The loggers determine how to bundle all of it together through calls to various methods.
Examples
Let's say I want a logger called my_app_errors
that captures all ERROR level incidents and higher to a file and to tell me the date time, level, message, logger name, and give a trace back of the error, I could do the following:
import logging
message='oh no! an error occurred'
formatter = logging.Formatter('%(asctime)s - %(levelname)s - %(message)s - %(name)s')
logger = logging.getLogger('my_app_errors')
fh = logging.FileHandler('errors.log')
fh.setFormatter(formatter)
logger.addHandler(fh)
logger.error(message, stack_info=True)
The code above would generate something like this to a file called errors.log
2022-03-28 19:45:49,188 - ERROR - oh no! an error occurred - my_app_errors
Stack (most recent call last):
File "/Users/ryan/Documents/github/logging/test.py", line 9, in <module>
logger.error(message, stack_info=True)
If I want a logger that will do all of the above AND output debug information to the console I could:
import logging
message='oh no! an error occurred'
logger = logging.getLogger('my_app_errors')
ch = logging.StreamHandler()
fh = logging.FileHandler('errors.log')
formatter = logging.Formatter('%(asctime)s - %(levelname)s - %(message)s - %(name)s')
fh.setFormatter(formatter)
ch.setFormatter(formatter)
logger.addHandler(fh)
logger.addHandler(ch)
logger.error(message, stack_info=True)
logger.debug(message, stack_info=True)
Again, the code above would generate something like this to a file called errors.log
2022-03-28 19:45:09,406 - ERROR - oh no! an error occurred - my_app_errors
Stack (most recent call last):
File "/Users/ryan/Documents/github/logging/test.py", line 18, in <module>
logger.error(message, stack_info=True)
but it would also output to stderr in the terminal something like this:
2022-03-27 13:18:45,367 - ERROR - oh no! an error occurred - my_app_errors
Stack (most recent call last):
File "<stdin>", line 1, in <module>
The above it a bit hard to scale though. What happens when we want to have multiple formatters, for different levels that get output to different places? We can incorporate all of that into something like what we see above, OR, we can stat to leverage the use of logging configuration files.
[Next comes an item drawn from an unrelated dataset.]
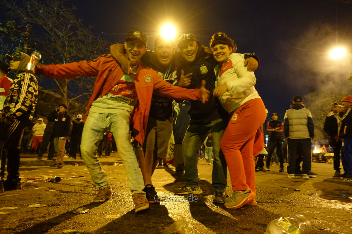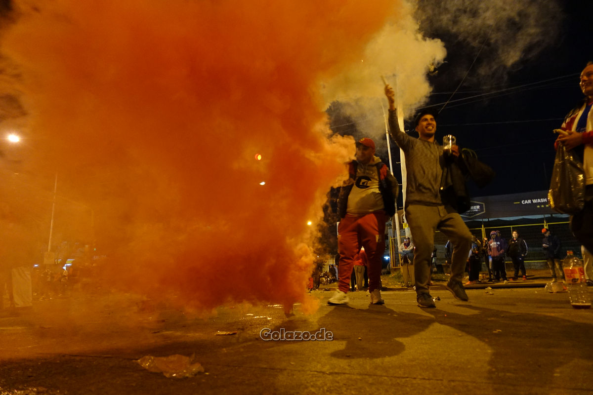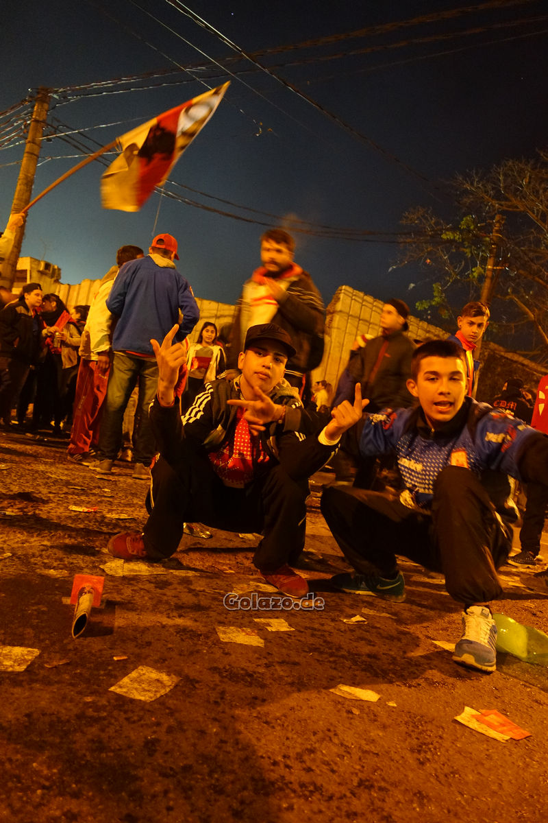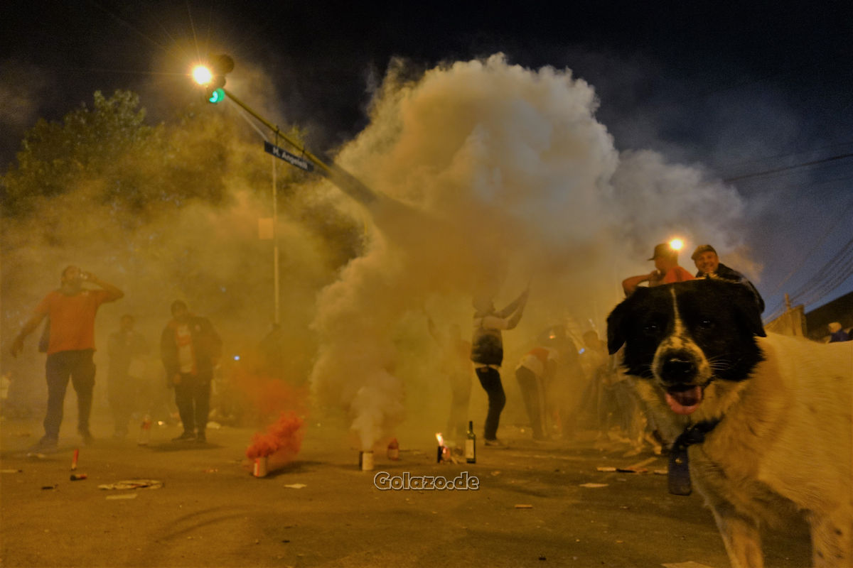 Als dann mit jeder Minute in Halbzeit 2 klar wurde, dass das Ding durch war, stimmte vermehrt auch der Rest des Stadions und sorgte so für etliche Gänsehautmomente. So etwa als die Barra wie bei einem Konzert erst die Massen mitzog, dann die Instrumente aussetzte und nur noch das komplette Stadion zu hören war, wie es sang: "Oh, el gallo va a volver" (der Gockel, kehrt zurück). Vor allem die letzten Minuten, als alle, ob jung, alt, dick, dünn, reich, arm, gebrechlich, muskulös, stumm, blind, blöd oder mit Nobelpreis in der Tasche völlig ausgelassen sangen und sprangen zu: „Dale campeón“, „Dale Morón“ und „Es un Sentimiento“ - irgendwann ein Feuerwerk den ungehörten Schlusspfiff bezeugte und sich alle nur noch in den Armen lagen. Diese Momente werden wohl für alle, die da waren unvergesslich bleiben.

Why would we want to have multiple formatters? Perhaps the DevOps team wants robust logging messages on anything ERROR
and above, but the application team wants to have INFO
and above in a rotating file name schema, while the QA team needs to have the DEBUG
and up output to standard out.
You CAN do all of this inline with the code above, but would you really want to? Probably not.